Catechesis and proclamation cannot but place this community dimension at the centre. This is not the time for elitist strategies. The great community: what is the great community? The holy faithful people of God. It is not possible to advance outside the holy faithful people of God, who – as the Council says – are infallible in credendo. Always with the holy people of God. Instead, seeking elitist affiliations distances you from the people of God, perhaps with sophisticated formulas, but you lose that belonging to the Church, which is the holy faithful people of God.
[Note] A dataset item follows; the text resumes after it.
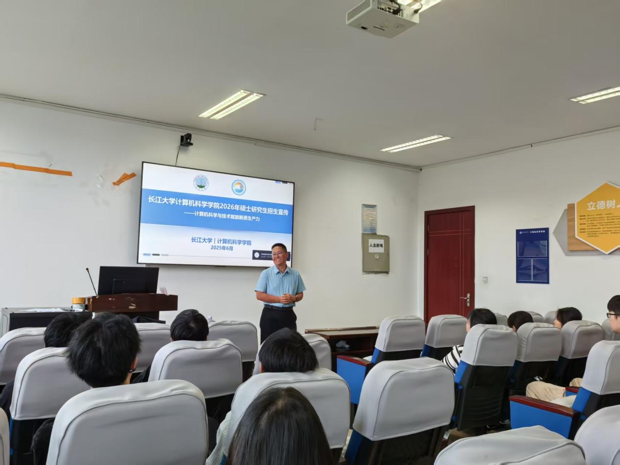 9月23日下午,刘波涛副院长在西南石油大学计算机与软件学院明理楼B306对2026届本科学生做了研究生招生宣讲会。刘波涛副院长介绍了长江大学和学院的发展历程、师资、学科建设、研招资讯等基本情况,并就学生关注的问题进行了一一解答。

This is the time to be the artisans of open communities that know how to value the talents of each person. It is a time for free and disinterested missionary communities, which do not seek prominence and advantage, but rather walk the paths of the people of our time, stooping to tend to those on the margins. It is a time for communities that look disappointed young people in the eye, that welcome strangers and give hope to the disheartened. It is a time for communities that fearlessly engage in dialogue with those with different ideas. It is a time for communities that, like the Good Samaritan, know how to approach those wounded by life, to bind their wounds with compassion. Do not forget this word: compassion. How many times in the Gospel does it say of Jesus: “And he had compassion”, “he had compassion”? As I said at the ecclesial conference in Florence, I want a Church “ever closer to the abandoned, the forgotten, the imperfect. I would like a glad Church with a mother’s face, that understands, accompanies, caresses”. What I referred to then as Christian humanism also applies to catechesis: it “radically affirms the dignity of every person as a Child of God, it establishes among all human beings a fundamental fraternity, teaches one to understand work, to inhabit creation as a common home, to furnish reasons for optimism and humour, even in the middle of a life many times more difficult” (Address at the Fifth National Conference of the Italian Church, Florence, 10 November 2015).

I mentioned the Florence Convention. Five years on, the Italian Church must return to the Florence Convention, and must begin a national Synod process, community by community, diocese by diocese: this process too will be a form of catechesis. In the Florence Convention there is precisely the intuition of the road to be taken in this Synod. Now, set out on it again: it is time. And start walking.

Dear brothers and sisters, I thank you for what you are doing. I invite you to continue to pray and to think creatively about a catechesis centred on the kerygma, which looks to the future of our communities, so that they may be ever more rooted in the Gospel, as fraternal and inclusive communities. I bless you, I accompany you. And you, please, pray for me, I need it. Thank you!